Faiz Shakir, a progressive operative who has worked with top Democrats like former Senate Majority Leader Harry Reid and Nancy Pelosi when she was the House Minority leader, will be his new campaign manager, replacing Jeff Weaver.

“We are playing to win,” Shakir told CNN last week, another early indication of the evolving mindset of Sanders’ team. Along with Shakir, former Reid aides Ari Rabin-Havt and Josh Orton, who came on earlier, are also expected to play key roles in the campaign.

“All these people working for Bernie, I’m glad,” Reid, who has also spoken positively of Warren, told the Nevada Independent last week. “Bernie is one of my friends. He helped me get Obamacare passed. His vote was crucial.

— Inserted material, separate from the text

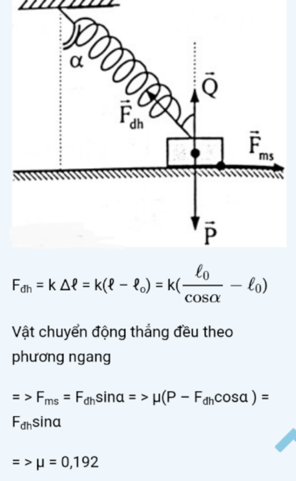 một lò xo có độ cứng k=10N/m, đặt thẳng đứng, một đầu nối với 1 vật m=0,5kg nằm trên mặt bàn nằm ngang. Đầu kia của lò xo được giữ chặt ở phía trên ở độ cao Lo=0,1m. ở vị trí này lò xo không bị biến dạng. cho bàn chuyển động đều theo phương ngang, lò xo bị lệch đi 1 góc 60 đọ khỏi phương thẳng đứng. tìm hệ số ma sát trượt giữa vật và bàn.

So I think the world of him.”

The campaign on Friday also introduced a slate of national co-chairs that included Khanna and Carmen Yulín Cruz, the mayor of San Juan, Puerto Rico.

Nina Turner, the president of Our Revolution, is taking leave from her job running the Sanders-inspired group to join the others in advising the campaign, along with longtime Sanders supporter Ben Cohen, the Ben & Jerry’s co-founder and activist.

The hiring of Shakir, who most recently served as the national political director for the American Civil Liberties Union — a job that put him in near constant, pitched conflict with the Trump administration — was a headline-grabbing first step in the recalibration of a political operation that Weaver, who will stay on as a senior adviser, has conceded was “too male and too white” in 2016.

“I think (Sanders) acknowledged that that he needed far greater diversity of perspective, both on racial and gender lines in his inner circle,” Khanna said. “And in this campaign, he’s surrounded with it.”